You can't handle my traps!
ha
Name another white boy who gets down like Jiggy.
#albino
#brothainwhiteskin
He doesn't dress like this when he's cruising around the torture basement, does he? I thought this was a serious horror.
he skateboards around the torture basement
This is the only scene he wears it in: https://youtube.com/watch?v=mrdgpAXvMDI
GETTIN JIGGY WITH IT
NA-NA NA NA NA-NA NA
NA-NA NA NA NA-NA
GETTIN JIGGY WITH IT
JIGGA WHAT
>Check it, check it, check it...
>Wake up Anon, glad you had a good nap, but unfortunately for you, I got you caught in my trap
>Right now I'm sure wondering why you're strapped to a chair, while a tank of deadly acid hangs above in the air
>For far too long you've shitposted with glee, and when Janny bans you, you just reset IP
>You've posted horrible things without a care in the world, BBC, furry, gore, even little girls
>One day a poor man was browsing while working, you decided to post a webm of a "thug shaker" twerking
>His boss Saw the thumbnail and it got him fired, he worked 30 years there and was about to retire
>In front of you is a laptop, fitted with broadband, programmed for only one website, Cinemaphile
>You're Cinemaphile's new Janny for 24 hours, fitting since you really smell like you need a shower, of acid
>One drop down on your head, every off-topic thread you ignore 'til your dead
>It's life or death, Anon, which one will it be? How much fun can you ruin 'til you've done it for free-dom
>Your terrible photos have cause more than just shock, now it's time to play my little game, TICK TOCK
why is he dressed like eminem
He really got into trap music in the later years of his life.
funniest shit all day
>Hello Anon. 2 years ago you came home drunk and puked on your mothers new carpet. You then proceeded to blame the dog, and he had to suffer your mothers scolding because of you.
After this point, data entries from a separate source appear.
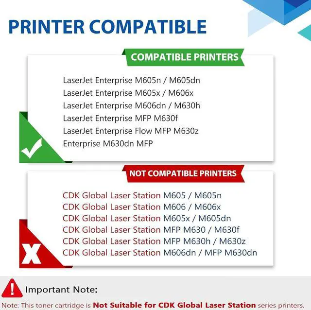 Compatible with:Laser Enterprise M605n M605dn M605x M606dn M606x M630h; Enterprise M630dn MFP; Laser Enterprise MFP M630f, Flow MFP M630z; M605 M606, M630 MFP; Laser Managed M605, MFP M630 Printer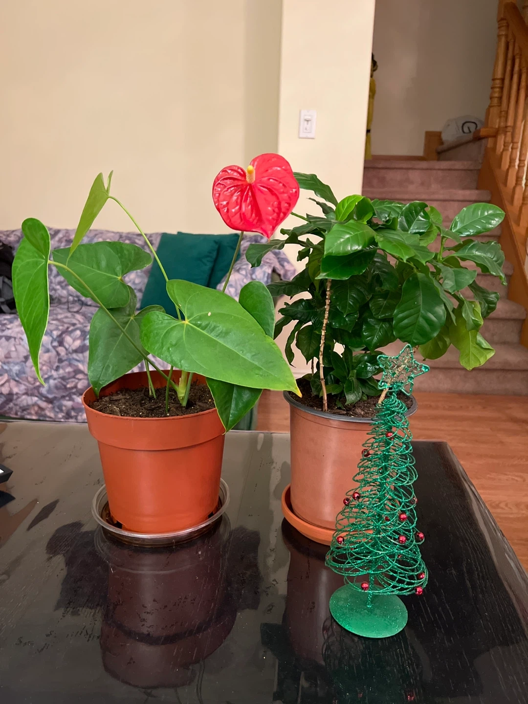 I'm selling a potted Anthurium plant with a beautiful red flower. It comes in a terracotta pot. I’m also selling a coffee plant. Both are a lovely addition to any home! The decor Christmas🎄tree is free with purchase if you get both plants. $20 for both plants.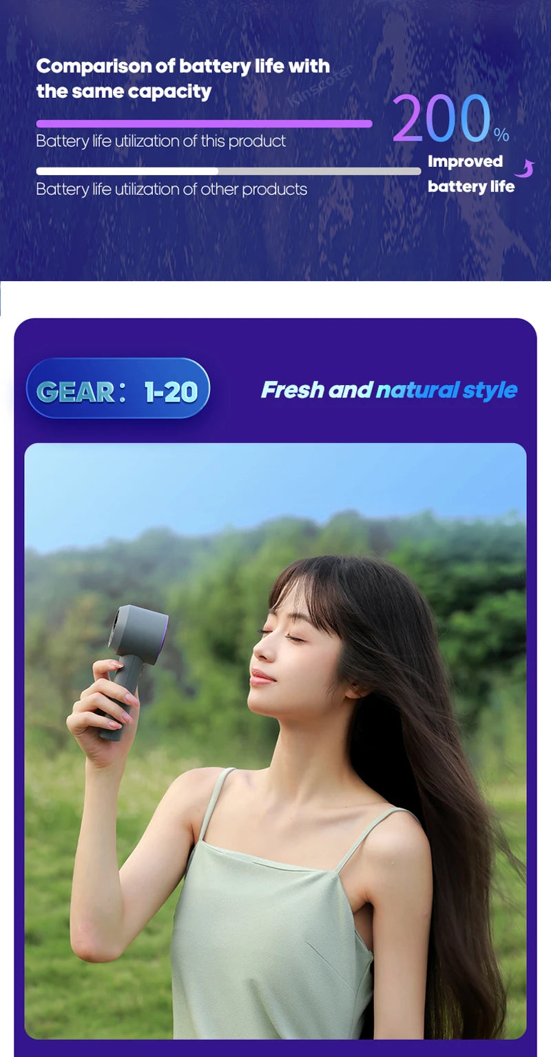 Experience Refreshing Breezes Anywhere: Upgrade your comfort with our handheld high-speed turbo fan, delivering a powerful airflow of up to 6 meters per second. Perfect for outdoor adventures, office work, or home relaxation, this fan ensures you stay cool and refreshed wherever you are.

>In front of you there is a chalkboard and a dull knife. If you want to live, you must carve "I am a bad boy" into the chalkboard exactly 100 times in 10 minutes.
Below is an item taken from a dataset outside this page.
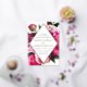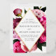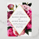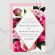 Elegant floral wedding invitations featuring your wedding details inside of a gold foil diamond frame surrounded by beautiful vivid pink and blush pink peonies with lush green leaves. The gold foil and peony wedding invitations reverse to a light pink background with space for additional text and images.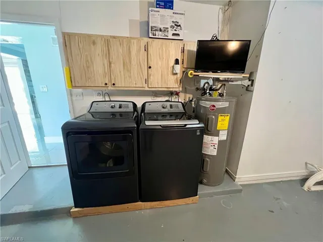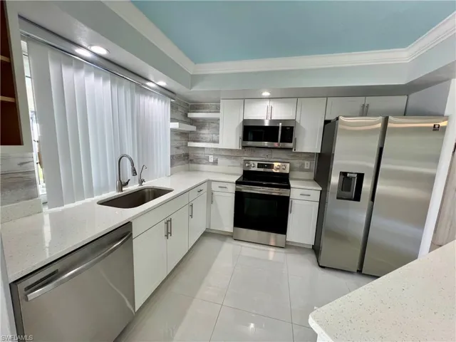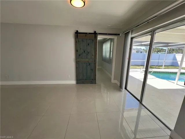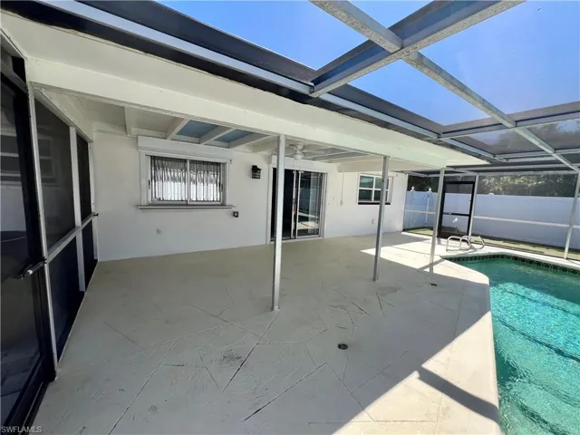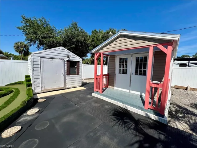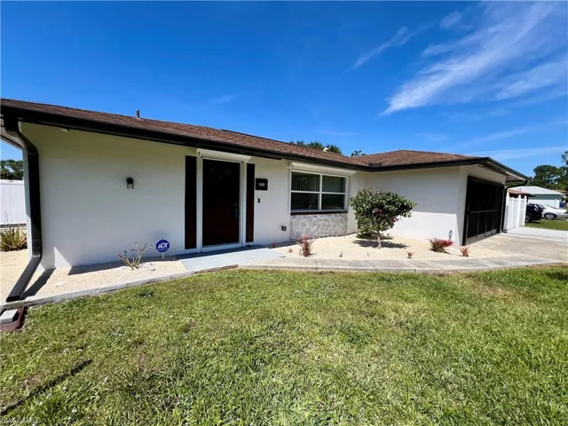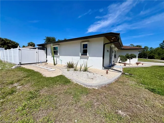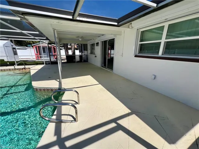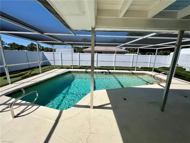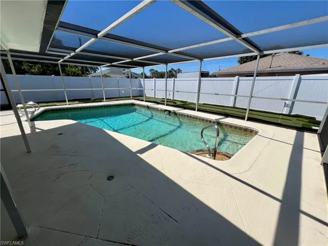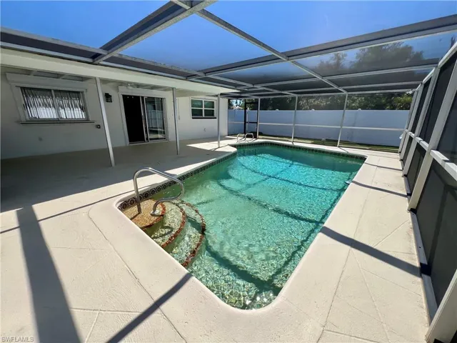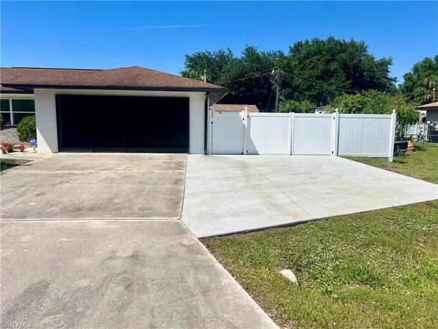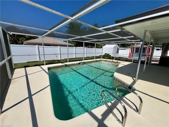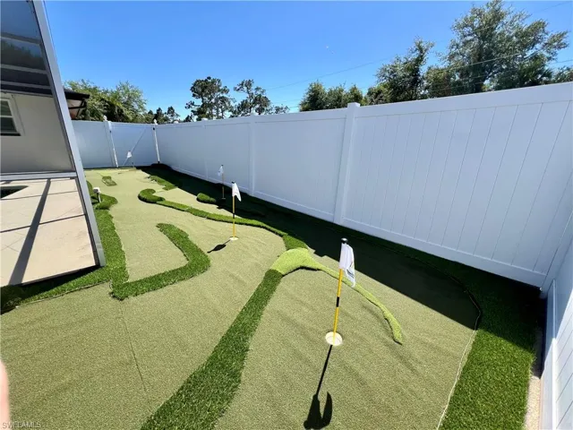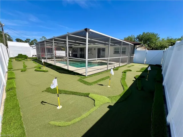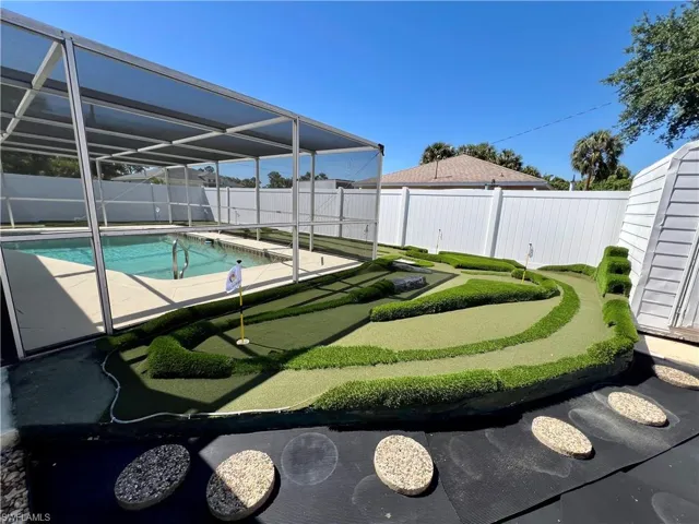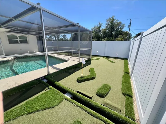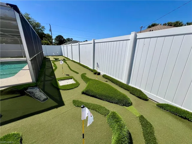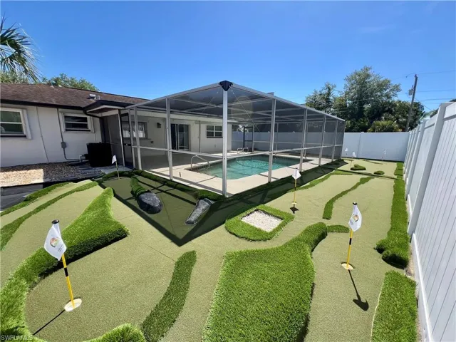 Affordable POOL HOME recently remodeled throughout with it’s very own 9 HOLE MINI GOLF COURSE WITH LED COLOR CHANGING LIGHTS, 6 FOOT PVC PRIVACY FENCE WITH 3 GATES surrounds this low maintenance yard with side driveway for secure BOAT/RV PARKING, two storage sheds, one newer 10 X 14 SUPERIOR shed plus another 10 X 12 shed both with electric, no grass to cut in the backyard, SCREEN ENCLOSED IN GROUND CONCRETE POOL WITH NEWER ELECTRIC HEAT PUMP and newer pump motor, new screening on the pool cage with new screen doors and hurricane cables, plenty of covered and open deck space for entertaining, pass through from kitchen to the lanai, corner lot with oversized double garage with sliding screen doors allow you to work in the garage on low traffic street with plenty of privacy, well landscaped front yard with extra concrete pad for access to double gate and yard for additional parking, beautifully upgraded interior, 24 inch shiny porcelain tile floors throughout, freshly painted interior, newly remodeled kitchen with QUARTZ COUNTERTOPS and Samsung stainless steel appliance package, all new wood cabinets with island countertop, CROWN MOLDING, newer LED lighting throughout the interior, three new HUNTER ceiling fans with remotes, BARNYARD DOORS lead to master bedroom with large walk in closet with another BARNYARD DOOR and private en suite master bath completely remodeled with new vanity and fixtures, extra high commode, decorative accent wall and newly tiled shower, guest bath has also been remodeled with new vanity and fixtures, high commode and all new shower also with decorative accent wall, split bedrooms for privacy, STORM SMART SHUTTERS, some motorized with remotes and some accordion style and manual with hand cranks, newer water treatment equipment in 2024 with partial RO system in the kitchen, Swann Security system with 7 cameras, NEW DIMENSIONAL SHINGLE ROOF IN 2015, NEW WATER HEATER IN 2014, newer washer/dryer with storage cabinets above, new gutters and downspouts in 2022, NEWER INSULATED WINDOWS for energy efficiency, low maintenance home in excellent move in condition located just minutes to I-75 and Ft Myers.

>If you fail, the cell will fill with peanut butter, and 5 very hungry wiener dogs will be released into the cell.
>Live or die, Anon. Make your choice.
bros why am I loving SAW so much lately?
I'm about to watch Saw VII (3D/The Final Chapter) right now for the first time
>right now for the first time
how old are you?
I only ever saw up to Saw 4.
3 and 4 are the mostly shit ones so that explains the sudden rise in quality
Can someone post the link to the Tobin Bell interview where he condones violence
>You better lose yourself in the torture
>The moment, you own it, you better never let it go (Go)
>You only get one shot, do not miss your chance to blow
>This opportunity comes once in a lifetime, yo
extremely cringe
>Hello Jigsaw. Recently you went to a signing but you wore your hat indoors, which is not very polite and bad form. To escape this trap you have to convincingly say out loud that you want Brie Larson's feet in and on your mouth or else this fire hose will blast your dick with acid lol
i think all the saw movies are just fun movies, except spiral. obviously 2 is the best of them. what's the next best saw sequel?